There is a time in the roll-over where you have published a new key, but the old key is still cached. How does DNSCurve deal with this?
The same way you deal with any change of your NS records.
About new encryption options: Much like HTTP, DNSSEC can be extended by wherever both endpoints support. ... That's how compatibility works in the real world.
Rubbish. Compatibility has never worked that way. My site sees over 30 million messages every month; less than 50% of the senders are RFC2821/RFC2822 compliant. Once a standard becomes entrenched, you must operate on the assumption that it always will be.
Eventually, it becomes irrelevant (like Windows), but it never ever gets replaced.
That's how compatibility works in the Real world.
DNSSEC deployment can be as easy if you like, ... DNSSEC can be plug-in simple also.
DNSSEC is replace your infrastructure simple. It requires replacing hardware and software to deploy. DNSCurve requires supplementing software. A forwarder can run alongside your existing DNS content server requiring no special implementation costs.
DNSSEC isn't designed to fix problems, it's designed to replace DNS.
DNSSEC offers the same level of protection against MITM attacks,
No it doesn't.
The only real wins for DNSCurve are smaller packets today, and router compatibility.
Those are extremely important. DNSSEC doesn't have an Internet-wide migration plan; just a myriad of ideas and best practices. Everyone is assumed to figure it out for themselves.
This has obviously worked very well for IPv6...

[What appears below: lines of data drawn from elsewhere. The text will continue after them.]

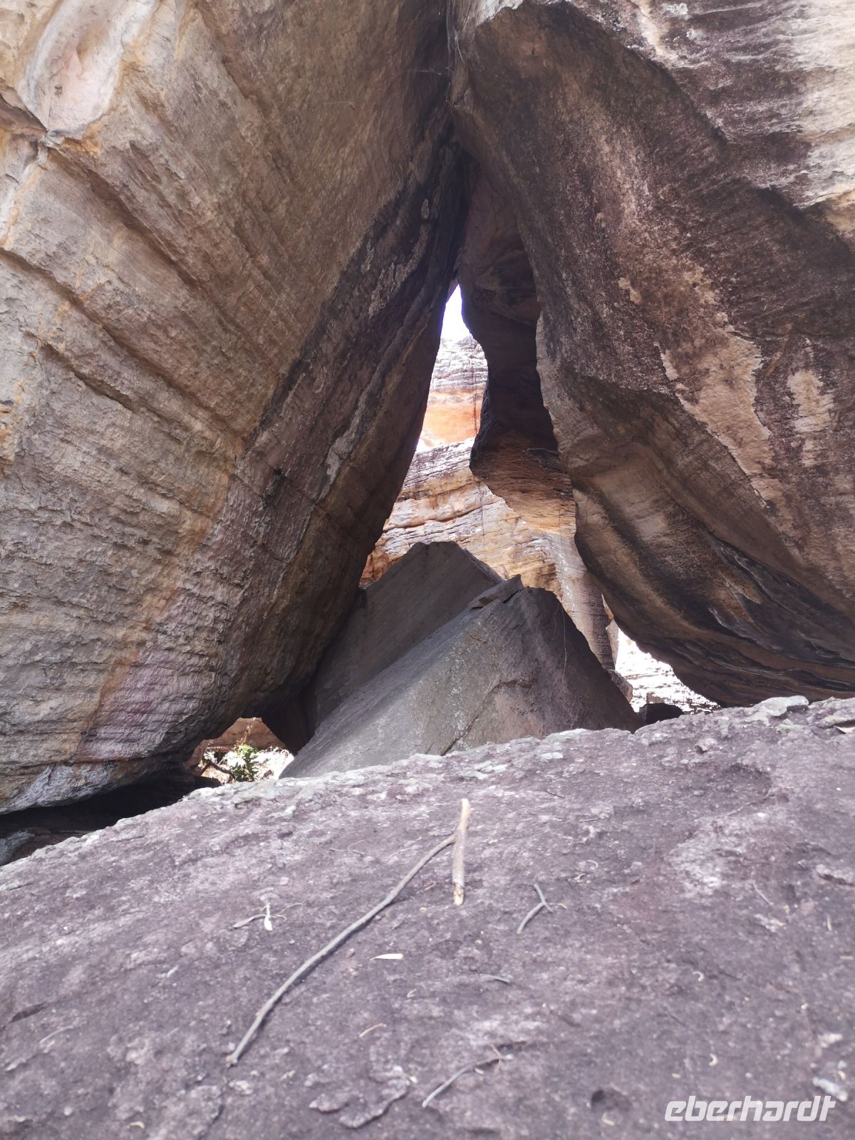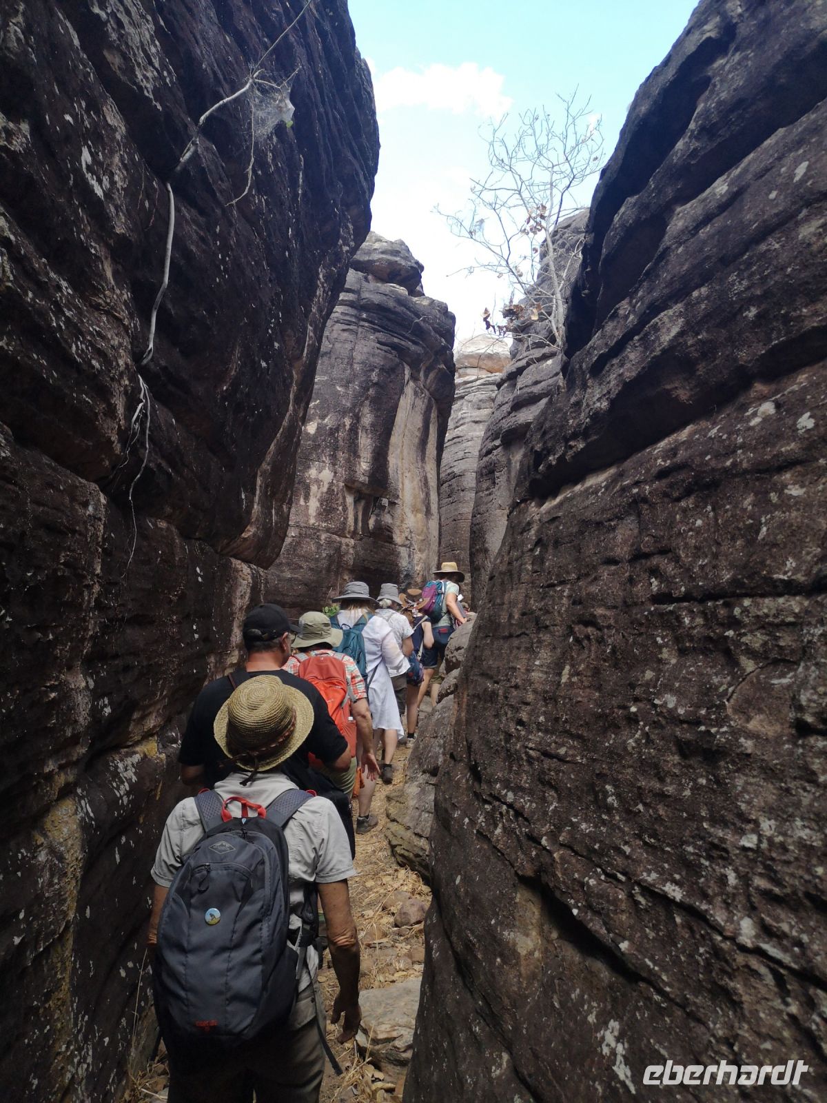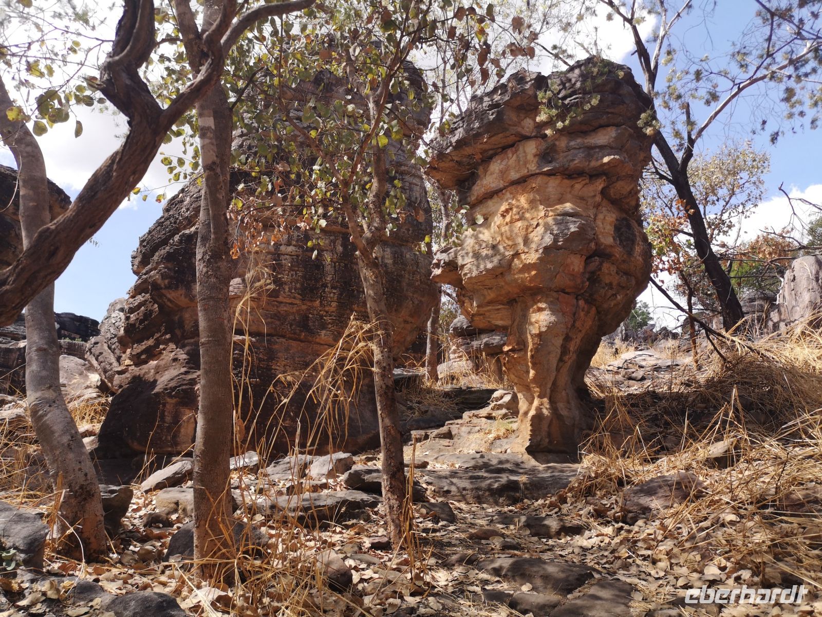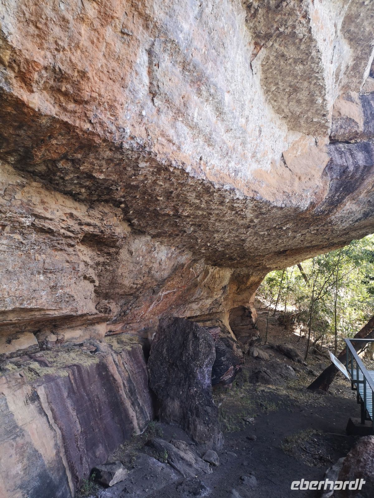 Für diese Exkursion in das abgelegene Aboriginal Land, haben wir einen regenfreien, aber auch heißen und sehr schwülen Tag. Der Weg, den Berg hinauf, ist mühsam und es wird Trittsicherheit benötigt. Es geht über stark verblockte Wege, durch enge Felsdurchbrüche und in hohe, aber sehr schmale Schluchten hinein. Es war richtig, dass sich 3 Personen unserer Grupper dafür entschieden, diesen Aufstieg nicht mit zu machen, strattdessen diese Zeit beim Bus, im Schatten von Bäumen, zu verbringen. Wir anderen wurden jedoch für die Mühen des Aufstiegs sehr belohnt. Diese tiefen Einblicke die uns in die fremde Kultur durch Roland vermittelt wurden, war sehr beindruckend. Als wir schlussendlich oben auf dem Berg, auf einer Felsplatte alle ankommen, können wir einen schönen Ausblick über das Land, die Aborigines Siedlung und die umliegende leicht bewachsene Landschaft werfen. In der Ferne sehen wir Rauch von 2 Buschbränden. Roland erklärt uns, dass diese eine traditionelle Methode der Jagd ist. Sie legen ein begrenztes Feuer im Busch, vertreiben dadurch die Schlangen aus diesem Gebiet und fangen dann die begehrten Langhalsschildkröten.
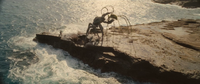 During Monarch's ill-fated expedition to Skull Island in 1973, a Mother Longlegs chased Bill Randa out of the bamboo forest and to the edge of a small cliff overlooking the ocean. With nowhere to go and the monster approaching quickly, he decided to throw his bag in the water so it could be discovered after his demise. Before the giant spider could kill him, however, the Mantleclaw emerged from the ground and roared at the Mother Longlegs, prompting the two arthropod monsters to fight. The Mother Longlegs jabbed the Mantleclaw in the eye with one of her legs, only to lose the limb to the crab-like monster's claw. The Mother Longlegs retaliated by pushing it off the cliff and fell in after it, while Randa was narrowly able to avoid their clashing and survived.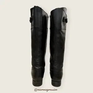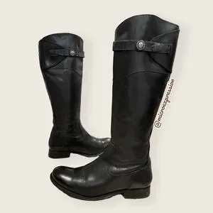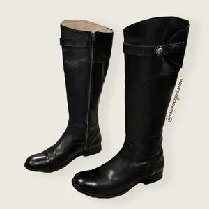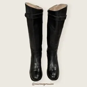 $438 Frye Molly Button Black Leather Equestrian Tall Knee High Zip Up WinterBoot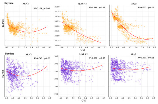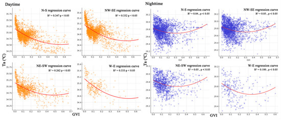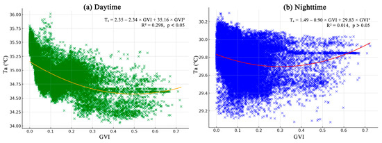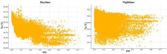 43]. However, these studies have not addressed the regulatory effects of vegetation’s three-dimensional distribution on nocturnal thermal environments. The present research confirms the negative GVI-Ta correlation observed in prior studies [

Its downsides are poor key management management and future upgrade path,
It has exactly the same upgrade path that DNS has because it's 100% compatible with DNS.
I'll get to the key management in a moment.
and even if the tradeoff was worth it (which I don't believe it is), it's not worth throwing away the momentum DNSSEC currently has.
Says you, one guy, who doesn't operate a very large site, or have very much to change.
You're in fact, a very small and singular member of the Internet. Replacing DNS is an Internet-wide change, and it requires an attention greater than you're willing to give.
That's why your opinion is rejected outright.
We all wish DNSSEC could be simpler, and if DNSCurve was really much easier to deploy for the same security, I'd be all over it. However, I don't believe it is.
Your beliefs don't enter into it. It is simpler to implement, and will be simpler to deploy.
Good deployment tools exist for DNSSEC
No they don't. As I said, DNSSEC deployment requires replacing Hardware and Software. You think this is okay because in your mind the Hardware and the Software is broken. DNSCurve does not.
and many more will be created,
This however, is likely, and I agree. I remember old "MX calculators", and "CIDR calculators": Simple things need a lot of tools, complicated things; doubly so.
but DNSCurve's security downsides in key management can't be automated away.
I don't think they're serious. Keys in X509 and DNSSEC represent organizational processes, but this is a layer of overhead that sites apparently don't need: the reality of how SSL and S/MIME ended up getting deployed demonstrates this thoroughly.
The current existing infrastructure of a single delegation controlled and mandated by the parent is something the DNSSEC key system pretends is shared by the delegate.
It isn't true of course: the parent can unilaterally destroy the delegation and the delegate can't do anything about it.
DNSCurve's key system doesn't pretend otherwise, and so appears significantly less capable than DNSSEC. The idea that I could sign specific records (instead of the right to publish) seems very valuable indeed!
Yet, I don't know of any case where DNS servers were hacked in order to surreptitiously publish evil records. I suppose it could happen, but in any event, it seems valuable to protect against this!
Unless, of course, it comes with the cost of being unable to protect against the attacks that actually do happen.